Película: Virgin Mountain
Director: Dagur Kári
Año: 2015
Países: Islandia, Dinamarca
Es una historia simple, con sutiles detalles que muestran lo peculiar de un sujeto que vive al margen de los estereotipos culturales para alguien de su edad; y la mirada del otro, encarnado en distintos personajes, para quienes aparece como alguien raro.
Por un lado, la vida de Fúsi, al que parece no faltarle nada —trabaja en un aeropuerto, atesora miniaturas de la segunda guerra mundial, tiene un amigo con el que comparte este juego de guerra y además otras satisfacciones—. Estas otras satisfacciones, ir a comer a un restaurant y el llamado telefónico a un programa de radio, suponen cada vez “pedir lo de siempre”, el mismo plato y la misma música. En este pedir lo de siempre, un detalle en el que se puede pensar la fijeza del goce pulsional, siempre autoerótico.

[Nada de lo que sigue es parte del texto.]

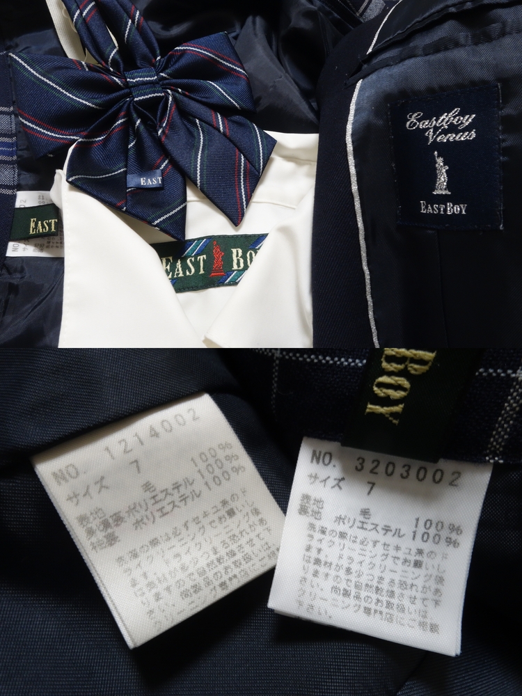 ★ご覧いただきありがとうございます★ 401◆(イーストボーイ/EASTBOY)ブレザー・裏地付チェックスカート・ブラウス・リボン◆7号 ☆専門業者のクリーニング済です(ドライクリーニング又は温水洗いですべて除菌加工済)☆ ☆清潔な状態の物をお送り致します☆ ※状態:特に目立つダメージやシミなどはございません。 サイズ等は下記をご参照下さい。 〈ブレザー〉 表記サイズ:7 着丈:59cm 肩幅:38.5cm 身幅:43cm 袖丈:58cm 素材:毛100% 〈ブラウス〉長袖 表記サイズ:9 着丈:61cm 肩幅:38cm 身幅:44cm 袖丈:58cm 素材:綿100% (スカート) 表記サイズ:7 ウエスト:61cm 丈:44cm ヒダ数:20 アジャスター:なし 素材:毛100% ※素人採寸になりますので多少の誤差はご容赦下さいませ。 ☆入札をお待ちしております♪ 【お支払いについて】 ・三井住友銀行(お振込み) ・「落札額+送料」をお振込みください。 ・お支払は3日以内にてお願い致します。 ※ご落札後3日以内に取引連絡及びご入金をお願い致します。3日経過後、何も連絡がない場合は落札者都合でキャンセルさせて頂きます。新規の方は24時間以内に連絡及びご入金がない場合は取り消しさせて頂きます。こちらからは催促の連絡は致しません。ご了承くださいませ。 【発送について】 ・兵庫県からの発送になります(ダンボール箱) ・ゆうパック:全国一律850円(60〜120サイズ) ・郵便局留め出来ます。ご希望の郵便局をご連絡ください。 ・120サイズのダンボール箱に収まる数量でしたら同梱可能です。 ・14時までにご入金の確認が出来ましたら当日発送致します。 ・品名は特にご指定がなければ「衣類」で発送いたします。 ・お取り置き、同梱発送可能です。お気軽にお申しつけ下さい。 ・お取り置きは最初の落札日より3日間まで承ります。 ※毎週木曜・日曜は発送業務をお休みさせて頂きますのでご了承ください。 |

En este sentido Freud caracterizaba a la pulsión por ser una fuerza constante, en razón de ejercer empuje constante en torno a la satisfacción, con lo cual queda distinguida de cualquier función biológica. Así, Lacan (1972-1973) dirá que “todas las necesidades del ser que habla están contaminadas por el hecho de estar implicadas en otra satisfacción”. De este modo, hay el goce pulsional, goce Uno, que no hace pareja con el Otro, y que se satisface fundamentalmente en el cuerpo.
Por otro lado, la incidencia de encuentros contingentes, sorpresivos, afectan al protagonista, de allí que su mundo solitario es sacudido. En este punto, el encuentro amoroso con una mujer es fundamental. No se trata de una película de amor clásica, si bien puede ubicarse la función del amor en tanto lazo al Otro, como aquél que hace de nexo entre goce y deseo; tal como expresa Lacan (1962-1963) “Sólo el amor permite al goce condescender al deseo”.
El amor como producto de la contingencia de un encuentro, que deja marcas en el sujeto. Aborda una temática actual, la soledad, causa de padecimiento para muchos sujetos de la época y por ello, motivo de la demanda de análisis. El análisis, desde la perspectiva de Lacan, supone también como puerta de entrada, un punto de angustia y la posibilidad de un encuentro contingente que, por la vía del amor de transferencia, permita abordar aquél goce opaco, causa de sufrimiento para los sujetos.
Es destacable la actuación de Gunnar Jónsson (Fúsi), premiado a mejor actor (Festival de Tribeca: Mejor película, actor y guión). Vale la pena mirarla, eligiendo una ocasión en la que busquemos ver un cine distinto al mainstream hollywoodense contemporáneo.